Я предостерегающе глянул на Стаса, давая понять, что теперь его общество лишнее, и дядя, все поняв верно, встал:
— Пойду-ка, еще немного поработаю, а то до сих пор в медотсеке все вверх дном.
— Я зайду поблагодарить тебя чуть позже, Змей, как только выдастся минутка, — кивнул я.
— Было бы за что, смотрите, не простыньте тут — холодает.
Стас хлопнул меня по плечу и скрылся на корабле.
— Пора поговорить тет-а-тет? — уточнил Ирин, проводив врача долгим взглядом.
— Да, Мари кое-что рассказала мне.
— Ты не понимаешь, — Рик скривился как от зубной боли, нервно потер челюсть. Его пальцы дрожали. — Я видел собственный труп, Доров, Змей показал мне. То, что я живой, еще не значит, что я жив. Мне здесь не место!

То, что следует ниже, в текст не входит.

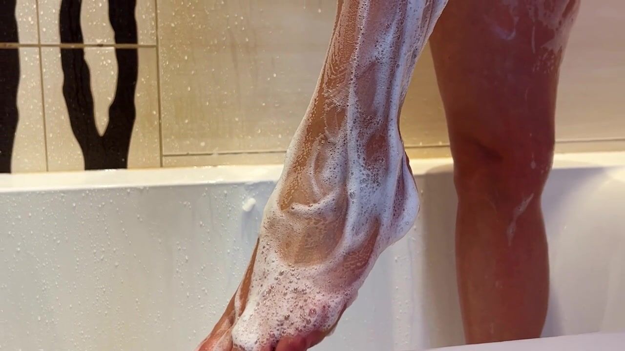 Juicy Footjob in bath - twat in foam
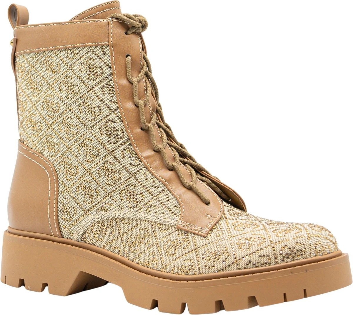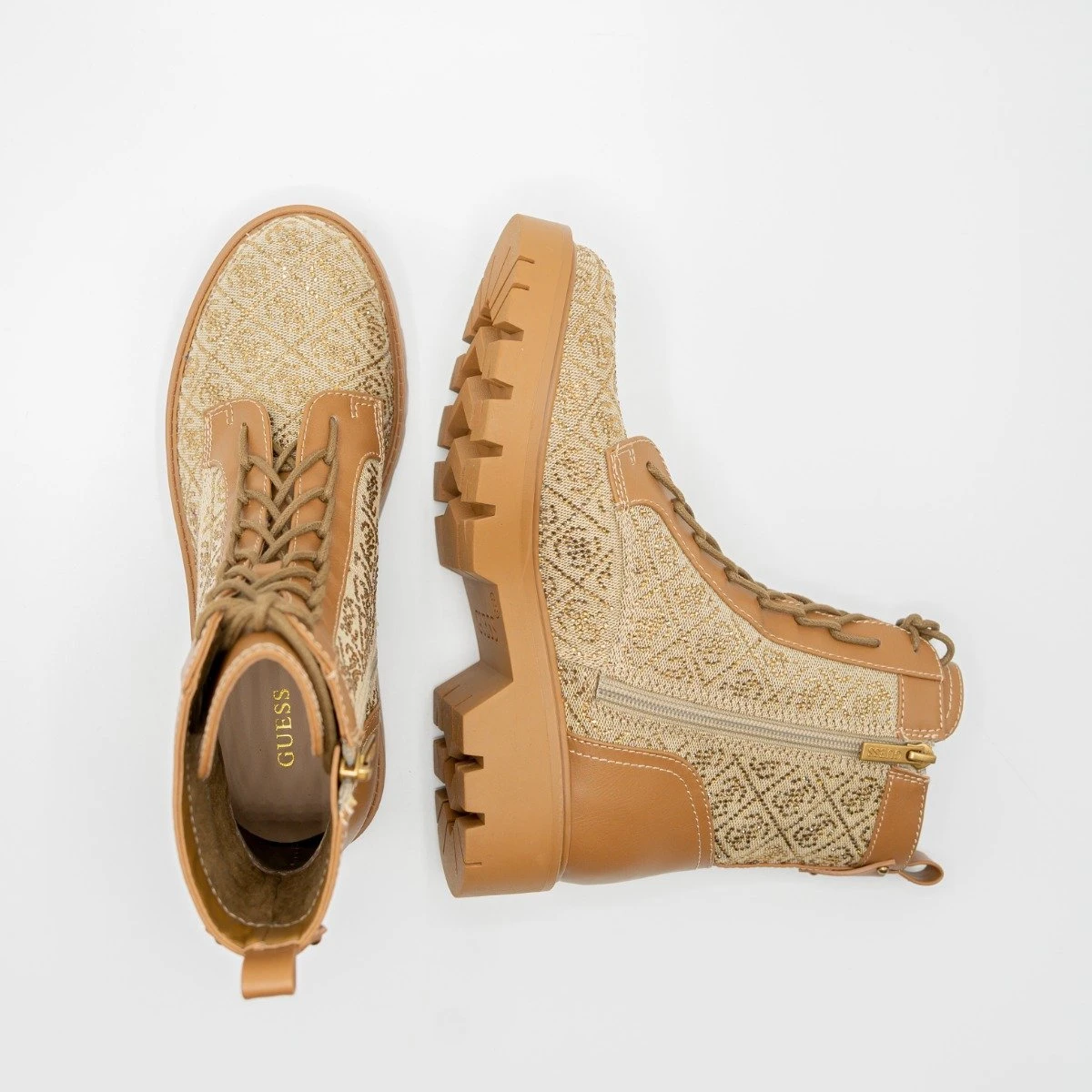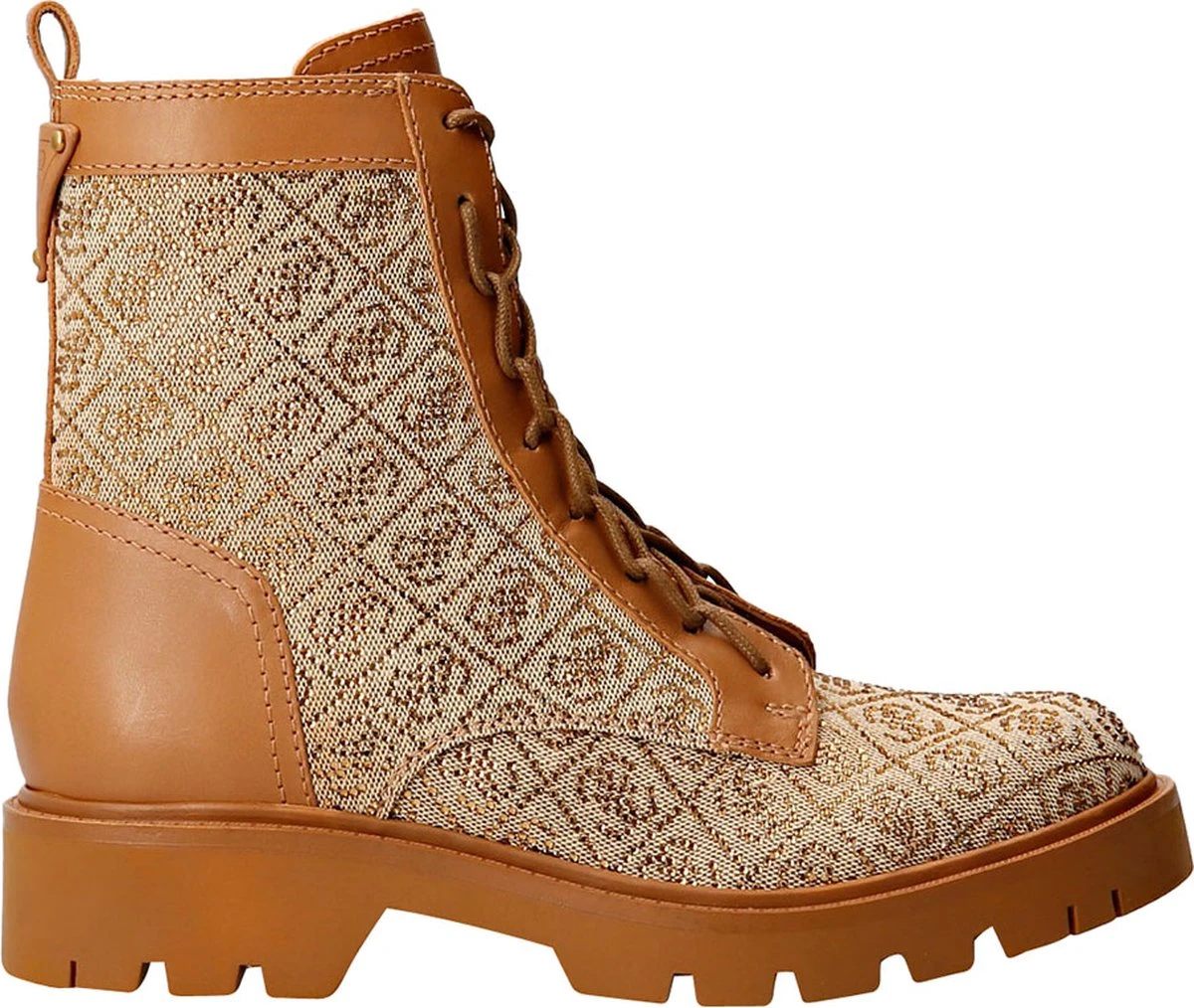 Stoere dames laars afgewerkt met all over logo print uit de nieuwe collectie van Guess. Op de achterzijde zit een klein merklogo afgebeeld in het bruine leer. Super leuk om te combineren met jou favoriete outfits!

— Не понимаю, в чем проблема, — я покачал головой.
— Ну же, Доров, пораскинь мозгами! — в отчаянии Рик повысил голос. — От чего все это, откуда?! Мы же сами виноваты, мы придумали все сами! Погоди, молчи. Вспомни, какие книги мы теперь читаем, какие смотрим фильмы? О чем думаем? Ненавижу этих толстых пожирателей гамбургеров и «КокаКолы», пассивных и злобных от своей тупости! Я готов убить их всех. И вот пришел тот счастливый миг: они все могут умереть! Одного нашего промедления достаточно, чтобы ничего не изменить, пусть все идет, как идет. Тогда они все: мой сосед, чья безмозглая собака писает на мой газон; и тот дурак повар в закусочной, который специально кладет мне в яичницу томаты, которые я терпеть не могу; и многие другие, те, кто поцарапал мою машину, кто ткнул меня когда-то локтем в бок, кто совращает детей и убивает женщин — они все будут мертвы. Не этого ли я хочу более всего?!